This is the story of the Chicago River. It is at turns hapless and hopeful and, like Chicago itself, it is always evolving, and never dull.

Part One: The New Frontier

Marquette and Jolliet were on a mapping expedition exploring the Mississippi River, when local Miami people showed them a shortcut to the Great Lakes, which became known as the Chicago Portage. Courtesy of WikiCommons

Native American peoples traversed Chicago’s waterways for hundreds of years before the arrival of the first Europeans. Among them were Woodland, Archaic, and Upper Mississippian peoples and later the Miami and Potawatomi.

Back then, the area teemed with beaver, black bear, fox, and deer.

The Algonquian people called the slow and meandering river that led to the Great Lakes Checagou in reference to the pungent wild leek that grew along its bank.

In 1673, a French missionary and a French-Canadian explorer — Father Jacques Marquette and Louis Jolliet — were returning to Canada after a mapping expedition that had brought them along the Mississippi River into present-day Arkansas and Mississippi. They paddled upstream in their birchbark canoes, headed for the Fox River and Green Bay, until some local Miami people tipped them off to a valuable shortcut. If they headed instead for the Illinois and Des Plaines Rivers, they would come to a portage where they could carry their canoes across a few miles of swampy marshland and arrive at the Great Lakes in a fraction of the time.

Marquette and Jolliet paddled to what is now the suburban town of Lyons, slogged across the muddy portage to the Chicago River, put their boats back in the water, and continued on to Green Bay.

Jolliet immediately recognized the significance of the portage. The shortcut could accelerate travel and trade between the Great Lakes and the Mississippi River, the two major transportation networks of the North American continent.

A city built at the mouth of that canal would be poised for greatness.

“We could easily sail a ship to Florida,” he wrote in his journal. “All that needs to be done is to dig a canal through but half a league of prairie from the lower end of Lake Michigan to the River of St. Louis [today’s Illinois River].”

Word of the “Chicago Portage” spread quickly, and it soon became a popular route for French and British fur traders and missionaries.

The First Settlers

A bust of Jean Baptiste Point DuSable today stands on the north bank of the Chicago River, near Michigan Avenue, where his home once stood. Photo by Jessica Pupovac

Sometime in the late 1770s, Jean Baptiste Point DuSable, a black man of French and African descent, and his wife, a Potawatomi woman named Kittahawa, became the first known settlers to build a permanent home and raise a family on the banks of the Chicago River.

Leveraging Kittahawa’s kin networks, they opened what became a highly successful trading post along the northern bank of the river near the lakefront, where the Michigan Avenue Bridge stands today.

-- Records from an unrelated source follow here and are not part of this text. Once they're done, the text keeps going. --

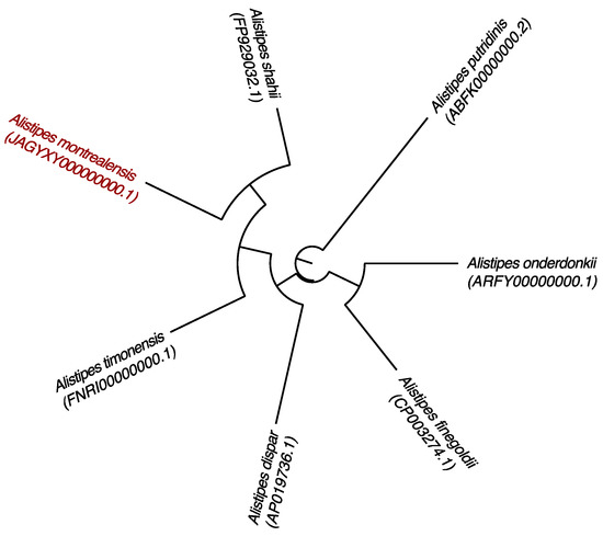 Phylogenetic tree highlighting the position of Alistipes montrealensis strain kh20T relative to other closely related strains. GenBank accession numbers for each 16S rRNA are noted in parenthesis. Sequences were aligned using Muscle v3.8.31 with default parameters and phylogenetic inferences were obtained using the neighbor joining method with 500 bootstrap replicates, using MEGAX software. The scale bar represents a 5% nucleotide sequence divergence.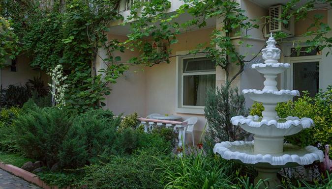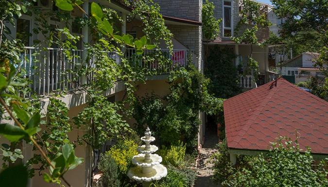 Территория гостевого дома «На Украинской» утопает в зелёных насаждениях. На клумбах много цветов и вечнозелёных растений. Растения создают неповторимое ощущение свежести и прохлады. Декоративной изюминкой дворика является альпийская горка. Балконы второго и третьего этажей находятся в тени виноградных лоз. С них открывается вид на горный хребет «Тепе-Оба». Все окна выходят во дворик.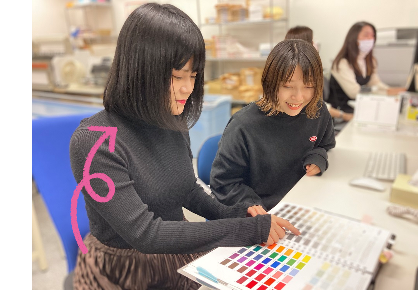 別業種からノンデザイナーとして中途入社した彼女ですが、今やチームの中核を担うディレクターとしてチームメンバーだけでなく店舗からも信頼を得るまでに成長しています。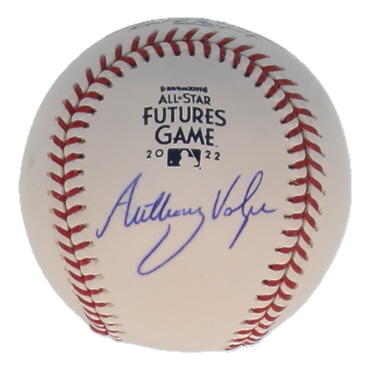 Rawlings Official Major League 2022 All-Star Futures Game logo baseball has been hand-signed by Anthony Volpe (New York Yankees).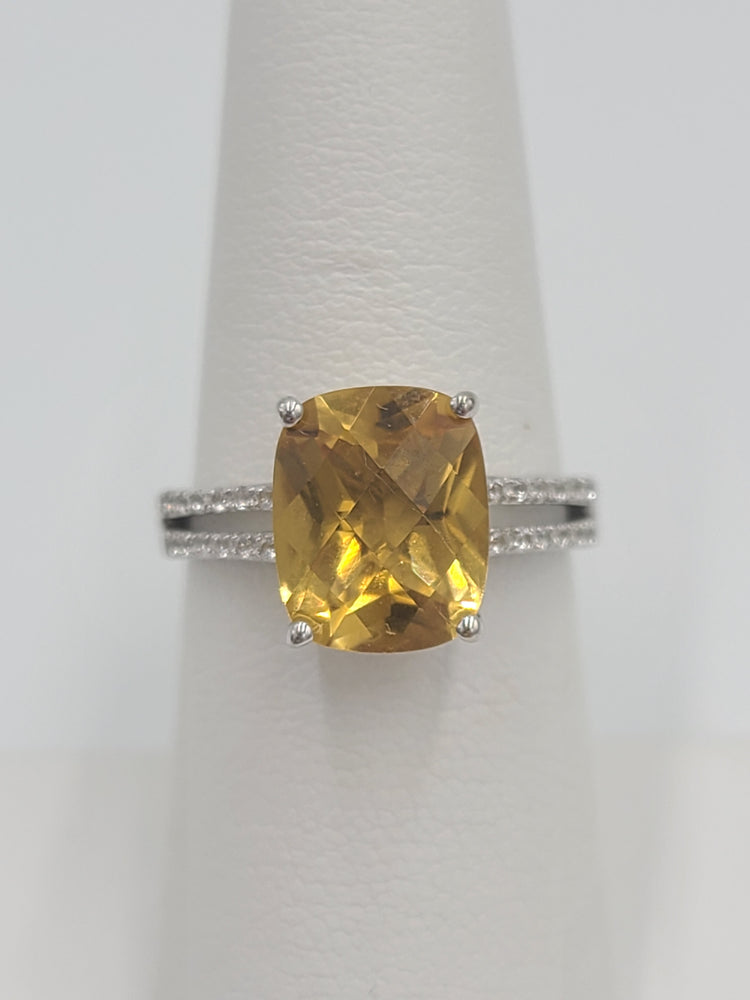 k655 Beautiful Ladies Sterling Silver Citrine and Cubic Zirconia Ring

In time, a small community built up around them. By the time DuSable sold his property in 1800, the DuSables had amassed a large estate — and Chicago had earned national attention as a strategic location in the growing economy of the new American frontier.

Fort Dearborn and The First Channels

The Kinzie Mansion, which John Kinzie purchased from Jean Baptiste Point DuSable, and Fort Dearborn, painted circa 1900 by an unidentified artist. Oil on canvas. Photo credit: Chicago History Museum

In 1795, as part of the Treaty of Greenville, a confederation of Native American tribes granted the United States rights to a six-mile parcel of land at the mouth of the Chicago River.

Soon after, in 1803, the U.S. military built — and after a devastating battle with the Potawatomi, rebuilt an outpost. Fort Dearborn was erected across the river from the old DuSable estate to guard the Chicago Portage and formally claim the territory for the young United States of America.

At that time, the Chicago River turned south at what is now Michigan Avenue, forcing sailors to navigate around a sandbar the shape of an elephant’s trunk to get in and out of the harbor. It made travel particularly difficult for large vessels, which would drop anchor outside of the harbor and send their goods to shore on smaller ships.

A map of Chicago in 1812, from History of Chicago by A.T. Andreas. Photo credit: Chicago History Museum

Several times between 1816 and 1828, in what is the first recorded attempt to engineer the river, soldiers dug channels through the sandbar. But their attempts proved futile. The wind and waves of Lake Michigan were stronger than their ditches, and their channels repeatedly filled in with sand.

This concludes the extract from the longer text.